Japan Post Holdings was to start as a state-owned holding company for Japan Post Bank, Japan Post Insurance, Japan Post Network, and Japan Post Service and gradually sell off its shares through 2017. The original plan was for the government to retain about a one-third ownership share of Japan Post Holdings, and for Japan Post Holdings to sell all its shares in its banking and insurance subsidiaries. Proceeds from the sale were to be used to reduce government debt.

=== Implementation of privatization and current status ===
The plan for privatization did not proceed smoothly, and after having been subject to a variety of external factors that still continues to this day. In 2009, the Democratic Party of Japan took power and halted the initial public offering for Japan Post companies. In 2012, the administration went further in blunting some aspects of privatization, allowing the government to maintain indefinite control over Japan Post Holdings by stipulating a minimum of one-third shares to be owned by the government and removing targets for shares sold in the banking and insurance services units.
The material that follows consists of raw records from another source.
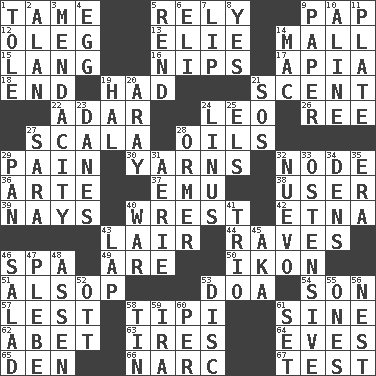 ACROSS 1. Docile 5. Trust 9. Infant food 12. Cassini of fashion 13. Writer Wiesel 14. Shopping center 15. Austrian-born American filmmaker Fritz 16. Pinches, bites 17. Capital of Western Samoa 18. Conclusion 19. Possessed 21. Aroma 22. The sixth month of the Jewish calendar 24. Lion 26. To riddle 27. Any of the three canals of the cochlea 28. Petroleums 29. Ache 30. Tall tales 32. Thickened enlargement 36. Johnson of "Laugh-In" 37. Australian flightless bird 38. One who uses or employs something 39. Negative votes 40. Obtain by seizing forcibly or violently 42. Inactive volcano in Sicily 43. Den 44. All-night dance parties 46. Health resort 49. "We ___ not amused" (Victoria) 50. Picture 51. Columnist Joseph or Stewart 53. ___ good deed 54. Male child 57. For fear that 58. Native american tent (variation) 61. Trig term 62. Collude with 63. Angers 64. Nights before holidays 65. Lair 66. Drug cop 67. Trial DOWN 1. Lacquered or enameled metalware 2. Actor Alda or Thicke 3. Ananias' fault 4. Ovum 5. Tear apart 6. Biblical high priest 7. Mouth edge 8. It is so 9. Some stationery 10. Place in a line 11. Food holder 14. Apple computer (short form) 19. Actor Linden 20. Like ___ of sunshine 21. Mayday 23. Natives or inhabitants of Denmark 24. "_ and Lucy" (Charlie Brown theme song) 25. Raised railways 27. "Two Mules for Sister ____" 28. Channel Islands abalone 29. Baking dish 31. Nest on high 32. New (sp.) 33. Clearly or manifestly demonstrative 34. Cub Scout units 35. Period 40. Armed conflict 41. Musical group of three 43. Pet locale 45. Alias (abbr.) 46. First course 47. Cadet 48. NE Netherlands city 52. Baseball player Mel 53. Plate 55. Singles 56. A home for chicks 58. Shallow baking pan 59. Lyricist Gershwin 60. For each 61. Arrange properly for use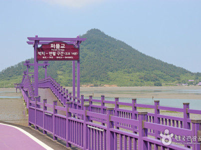 퍼플교는 신안군 안좌면 박지마을에서 평생 살아온 할머니의 소망이 담겨있는 다리이다. 할머니의 간절한 소원은 살아생전 박지도 섬에서 목포까지 두 발로 걸어가는 것이었다. 이후 2007년 신활력 사업으로 목교가 조성되었으며 반월, 박지도가 보라색 꽃과 농작물이 풍성한 사계절 꽃피는 1004 섬의 의미로 퍼플교로 불리게 되었다. 다리 중간에는 휴식을 취할 수 있는 팔각정과 낚시를 할 수 있는 공간도 있다. 밤이 되면 소망의 다리는 더욱 빛이 난다. 암흑이 드리워진 곳에 퍼플교만의 환한 불빛이 비추고, 다리 아래로는 바닷물이 가득 차 있다.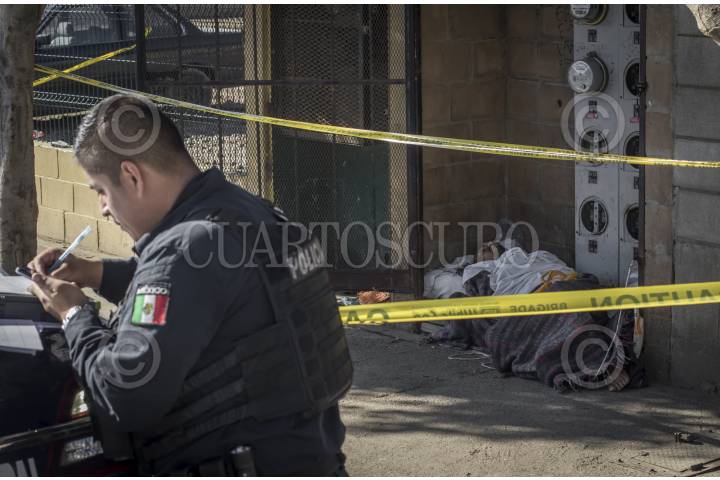TIJUANA, BAJA CALIFORNIA, 22NOVIEMBRE2016.- Un indigente fue encontrado muerto frente a la Asociación Civil, El Desayunador del Padre Chava, a consecuencia de las bajas temperaturas que han comenzado a ser registradas en la ciudad. Según agentes del Ministerio Público que llegaron al lugar para atender el caso, mencionaron que la persona murió de hipotermia durante la noche anterior. De acuerdo a voluntarios del Desayunador, el indigente al cual llamaban “El Flaco”, fue deportado de Estados Unidos hace cuatro años, también informaron que acudía todas las mañanas al lugar para recibir el desayuno. FOTO: CHRISTIAN SERNA /CUARTOSCURO.COM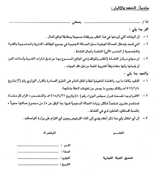 نقل ومواصلات - تراخيص - ممارسة نشاط الأجرة العامة - تجديد ترخيص تأجير سيارة صغيرة تعليمات عامة: يلزم أن يتقيد المتقدم بطلب تجديد الترخيص بما يلي: 1 - مراعاة الدقة في استيفاء المعلومات المطلوبة بهذا الطلب والتوقيع على كافة صفحاته وعلى أية أوراق إضافية وعلى أي كشط به. 2 - إرفاق المستندات التالية على أن تكون سارية المفعول: أ - صورة من السجل التجاري مضافاً به النشاط. ب - صورة من شهادة الانتساب للغرفة التجارية. جـ - شهادة تفيد الاشتراك بالمؤسسة العامة للتأمينات الاجتماعية. د - شهادة الزكاة والدخل. هـ - وثيقة التأمين على المركبات المستخدمة في النشاط صادرة من إحدى الشركات الوطنية المرخص لها في المملكة. و - صور رخص سير المركبات المستخدمة في النشاط. نمـــاذج الطلب 1 2 3 4 5 6 7 8 9 |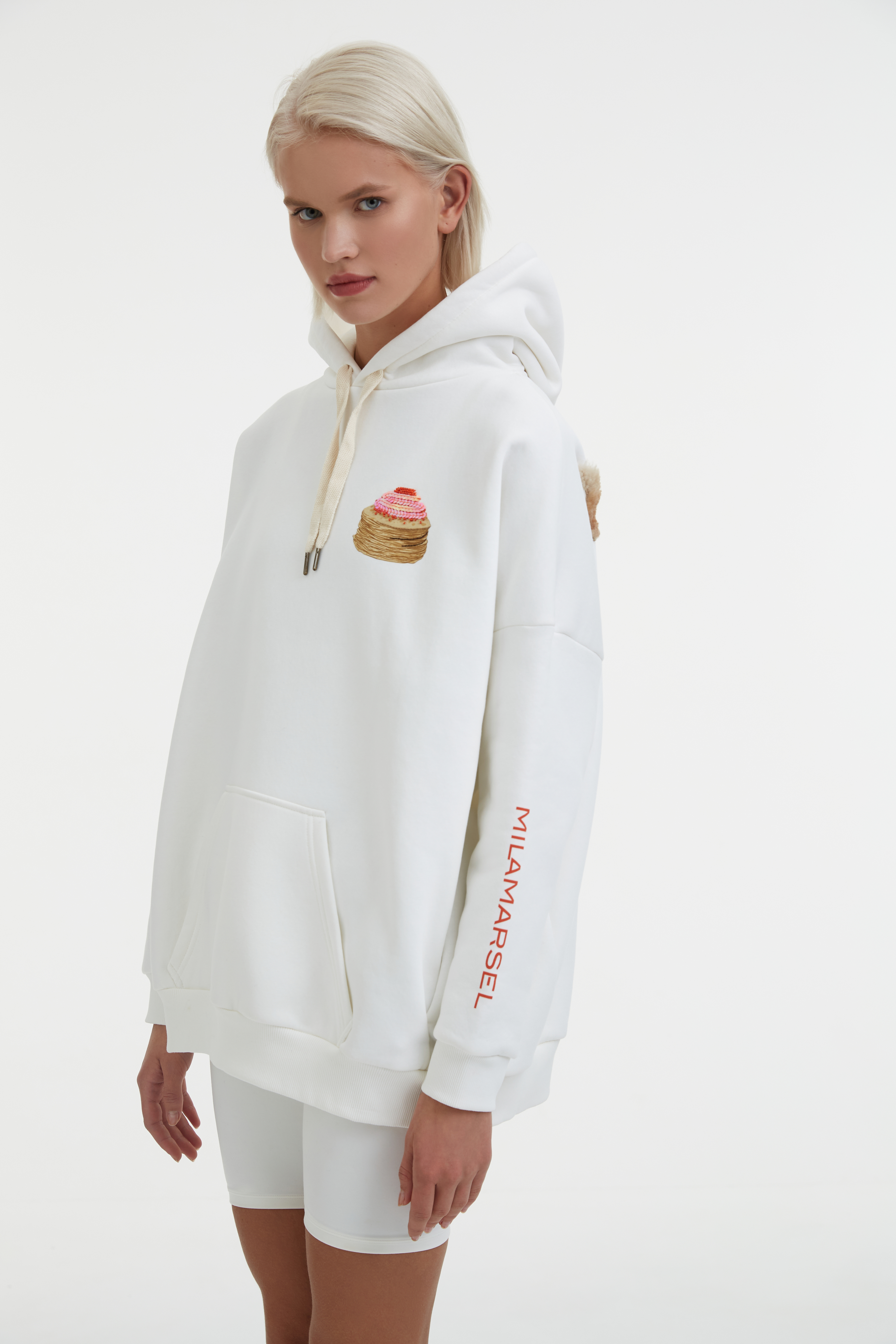 Лимитированное худи MILAMARSEL «Масленица 2021» – эксклюзивное изделие бренда, выпущенное в честь праздника русской Масленицы. Бренд MILAMARSEL организовал выездной тур в Суздаль для постоянных клиентов и друзей бренда, чтобы отпраздновать Масленицу, а также поближе познакомить клиентов с главными ценностями, образами и эстетикой коллекций MILAMARSEL. В рамках этого тура было создано брендированное худи, которое теперь доступно к продаже. Худи молочного оттенка выполнено в силуэте оверсайз и декорировано сложным принтом спереди и сзади с ручной вышивкой и объемными элементами, а также дополнено логотипом бренда на рукаве. Худи «Не все коту Масленица» отличается стильным и универсальным дизайном, который одинаково подходит как женщинам, так и мужчинам. В коллекции также представлен детский свитшот с аналогичным принтом.

In late 2012, incoming Prime Minister Shinzo Abe reemphasized progress towards privatization as part of his Abenomics plan for economic reform and growth. It was also hoped that the sale of shares could raise funds for rebuilding after the Great East Japan Earthquake. One result was the expediting of the IPO process for Japan Post companies. In 2015, a triple IPO was conducted where Japan Post Holdings, Japan Post Bank and Japan Post Insurance each had about 10% of their shares offered for sale in the Tokyo Stock Exchange for the first time.

Privatization is ongoing slowly, having already fallen short of the original plan. At the end of 2019, the government had a 57% ownership stake in Japan Post Holdings, which still owns 90% of Japan Post Bank and Japan Post Insurance. In April 2021, Japan Post Holdings agreed to sell part of its unprofitable Australian logistics company Toll Holdings for only 7.8 million Australian dollars. The offer was accepted despite the fact that Toll Holdings had lost 67.4 billion yen, or roughly $624 million, for the fiscal year which ended in March 2021. On October 6, 2021, the final stage of a difficult privatisation process which had begun in 2005 was completed after with the sale of a $9 billion tranche of shares. This accounted for up to $1.03 billion of its shares in the business. However, the Japanese government still holds the largest share of stock in the company.